Lately my mind has been consumed with worry over some medical issues, and while I have repeatedly tried to let go of them and turn it over to God, I am still struggling. So perhaps it will help to get the thoughts out of my head and put them into words.
I was diagnosed with fibromyalgia several years ago, and lately it’s been getting more difficult to function normally. Between the pain, fatigue and brain fog, I shuffle around the house feeling like the walking dead. I’ve been on Cymbalta for a few years, and I started a prescription anti-inflammatory a couple months ago, but it’s just not enough. So a few weeks ago I reached out to my primary care physician (PCP) to see if there’s something else we can do, or if I need to see a specialist to manage the fibro. He wanted me to see a rheumatologist, but the RM he wanted to send me to doesn’t treat fibro. From what I’ve read, some do and some don’t.

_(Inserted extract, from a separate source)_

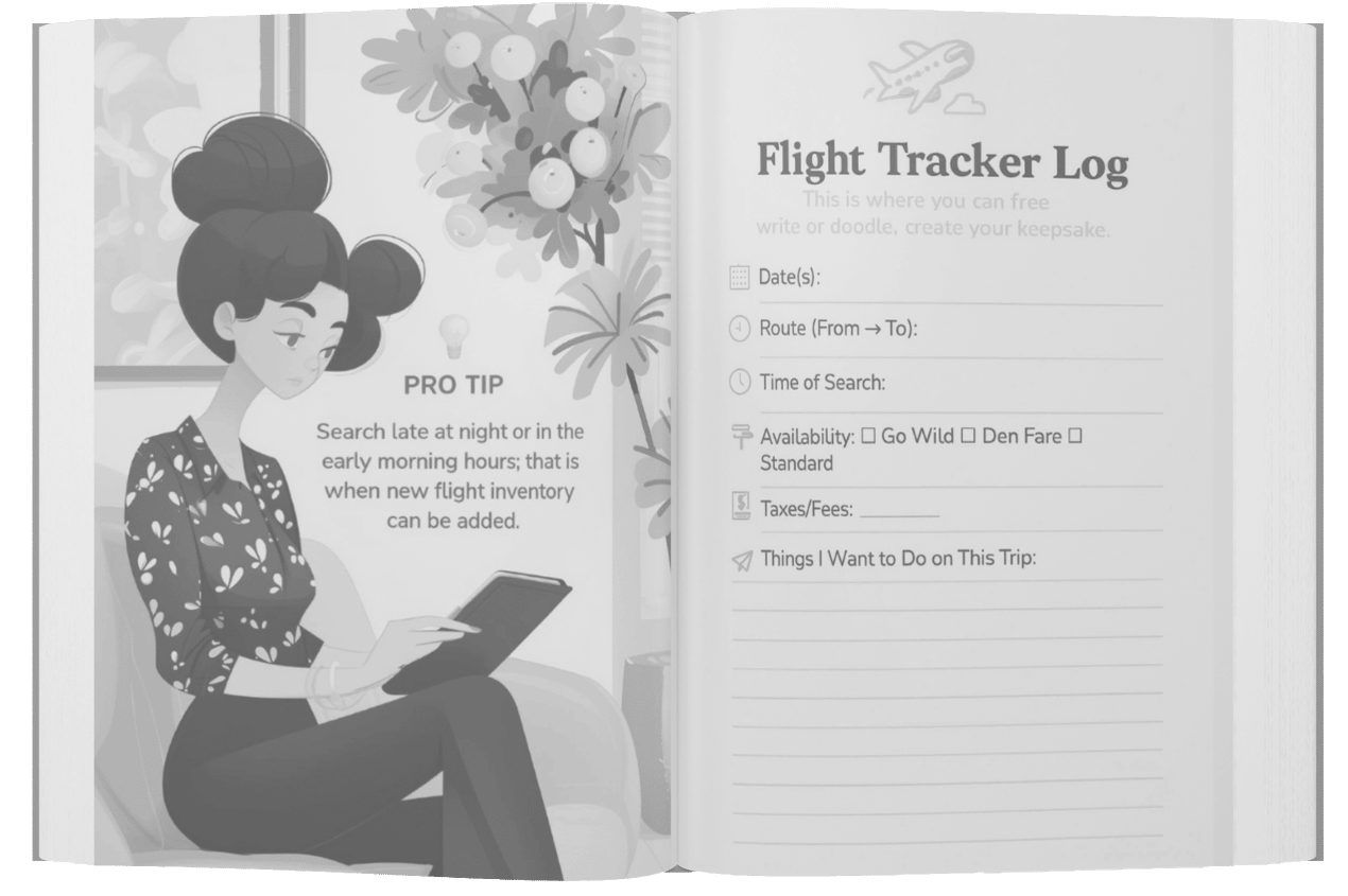 I created this book while planning my own adventures using Frontier’s Go Wild Pass — visiting best friends, exploring familiar cities in new ways and even booking a Bahamas cruise. All three trips happened within a five-week period — two of them lasting ten days each. It was a wild, whirlwind stretch of travel (with just enough downtime at home to reset and remember... there’s no place like home).
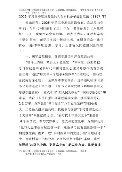 【七哥公文】2025年:2025年第三季度预备党员入党积极分子思想汇报(1897字)+更多免费公文+VX:QiGeGongWen2024

So this prompted my PCP to check again to make sure I don’t have rheumatoid arthritis, or some other underlying condition that the RM would treat, and I had blood drawn last Wednesday. I got a call late Thursday from a nurse about the results, and he said that my white blood cell count (WBC) was elevated considerably.
I have actually had elevated WBC for a few years now, and they never found the cause. All they’ve really been able to tell me in the past was that the test didn’t indicate leukemia, and we should keep an eye on it. Well it turns out that it’s considerably higher this time than before, and several other numbers are out of whack, so the PCP finally wants to pursue getting to the bottom of it. He told me he was going to refer me a hematologist. The nurse kindly warned me that hematologists are also cancer doctors, so I shouldn’t be alarmed when I get a call from the Tulsa Cancer Institute.
Now a full week has gone by, and I still don’t know when I’m going to get an appointment. I even called the cancer institute to see if I could expedite the process, but I had to leave a voicemail. So I’m just stuck in limbo…waiting. Meanwhile, despite my efforts to the contrary, I can’t help but imagine every possible worst-case scenario. I have spent way too much time scouring the internet for as much information as I can find, and the only thing I’ve accomplished is finding more diseases to worry about.
I’m getting sleepy. More later.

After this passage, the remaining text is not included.